**EXERCISE INSTRUCTIONS:**
Check each line of the records for "Golfclub"; collect those that have it.

DATA LISTING Block Start

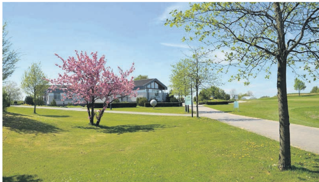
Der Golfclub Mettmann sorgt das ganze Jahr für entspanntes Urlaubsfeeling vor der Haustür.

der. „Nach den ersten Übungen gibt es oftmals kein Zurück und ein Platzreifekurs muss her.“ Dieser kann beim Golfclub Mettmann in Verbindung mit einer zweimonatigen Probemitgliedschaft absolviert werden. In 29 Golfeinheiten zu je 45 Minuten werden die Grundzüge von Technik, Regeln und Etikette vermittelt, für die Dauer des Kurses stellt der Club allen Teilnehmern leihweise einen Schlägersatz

DATA LISTING Block End
DATA LISTING Block Start

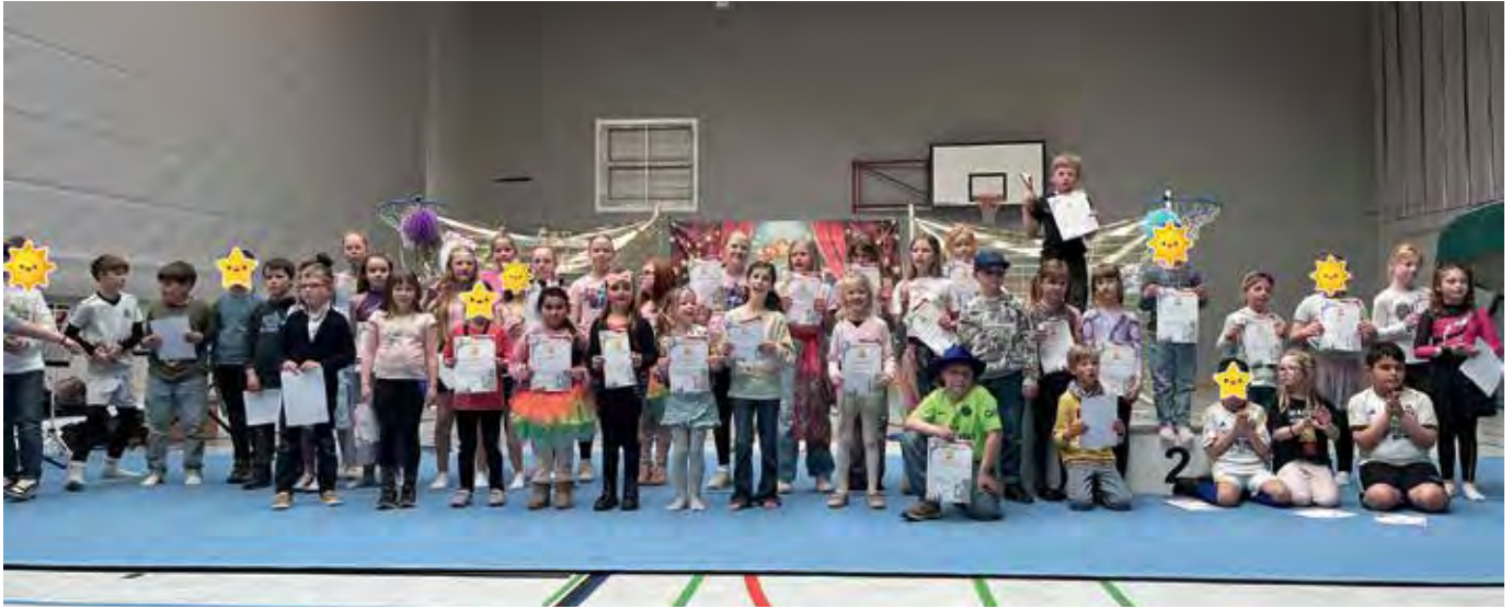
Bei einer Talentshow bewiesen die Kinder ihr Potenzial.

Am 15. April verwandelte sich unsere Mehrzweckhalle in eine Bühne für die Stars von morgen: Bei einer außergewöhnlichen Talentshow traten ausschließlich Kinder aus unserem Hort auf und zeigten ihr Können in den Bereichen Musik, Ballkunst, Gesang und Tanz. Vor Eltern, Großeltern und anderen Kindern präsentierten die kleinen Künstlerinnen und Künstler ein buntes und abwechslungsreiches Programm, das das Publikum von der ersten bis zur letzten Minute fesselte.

DATA LISTING Block End

**RESPONSE TO THE TASK:**
Der Golfclub Mettmann sorgt das ganze Jahr für entspanntes Urlaubsfeeling vor der Haustür.
der. „Nach den ersten Übungen gibt es oftmals kein Zurück und ein Platzreifekurs muss her.“ Dieser kann beim Golfclub Mettmann in Verbindung mit einer zweimonatigen Probemitgliedschaft absolviert werden. In 29 Golfeinheiten zu je 45 Minuten werden die Grundzüge von Technik, Regeln und Etikette vermittelt, für die Dauer des Kurses stellt der Club allen Teilnehmern leihweise einen Schlägersatz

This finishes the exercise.